“Anche Cristo vi ha accolti”

Predicazione tenuta il 16 maggio 2014 a Bergamo in occasione della Veglia contro l’omofobia

Il Dio della pazienza e della consolazione vi conceda di aver tra di voi un medesimo sentimento secondo Cristo Gesù,  affinché di un solo animo e d’una stessa bocca glorifichiate Dio, il Padre del nostro Signore Gesù Cristo. Perciò accoglietevi gli uni gli altri, come anche Cristo vi ha accolti per la gloria di Dio.

Romani 15,5-7

Cari fratelli e care sorelle,
stasera non siamo qui per un’abitudine o per far vedere quanto siamo “politicamente corretti”. Stasera siamo qui per predicare l’Evangelo a questa città. Non siamo qui stasera per fare dell’ideologia, ma per porci in ascolto della Parola di Dio.

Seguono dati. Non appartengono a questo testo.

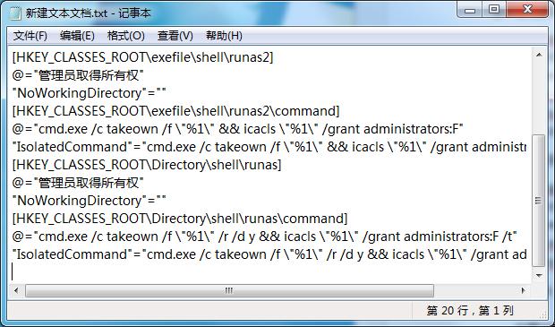 方法一:为Windows7的右键菜单添加取得所有权的菜单:
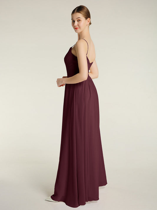 Babaroni FeliciaVestidos largos de chiffon con tirantes finos y escote en corazón Cabernet

Non siamo qui stasera solo per piangere ma per ricordare chi ha sofferto perché diverso dagli altri, diverso da una presunta normale, chi ha sofferto per testimoniare Cristo e il suo amore e nel tempo stesso per gioire per il messaggio che l’Evangelo ci dà, un messaggio di accoglienza, speranza e amore per tutti e tutte.
«Viene il giorno in cui sarà forse impossibile parlare apertamente, ma noi pregheremo, faremo ciò che è giusto, il tempo di Dio verrà» scriveva dal carcere Dietrich Bonhoeffer poco prima di essere giustiziato dai nazisti. Gli stessi nazisti – o persone che si presumono tali – che qui a Bergamo e a Roma hanno offeso e imbrattato le nostre chiese, schernito gli omosessuali e i transessuali, volendo metterci paura, volendo intimidirci, farci desistere da questa nostra testimonianza. Beati voi, quando vi insulteranno e vi perseguiteranno e, mentendo, diranno contro di voi ogni sorta di male per causa mia. Rallegratevi e giubilate, perché il vostro premio è grande nei cieli;
poiché così hanno perseguitato i profeti che sono stati prima di voi. (Mt 5,11-12) ha detto Gesù, il cammino per seguire le sue orme non è un letto di soffici piume ma è l’arduo sentiero della coerenza e della dignità di ogni singolo essere umano in un mondo che disprezza, discrimina, sfrutta e che adora solo il vitello d’oro, l’idolo del successo, del profitto, dell’omologazione. E noi siamo qui a dire qualcosa che non è nella logica del mondo, ma è contro il mondo, contro la tradizione, contro le mentalità radicate, contro una religiosità pagana che ci circonda. Chi confida nell’amore di Dio non ha paura né di queste cose né di offese ed atti ancora più gravi perché è nella speranza, anzi nella certezza che il tempo di Dio verrà e sa che l’amore non può che sopraffare l’odio e gli steccati che gli esseri umani si costruiscono.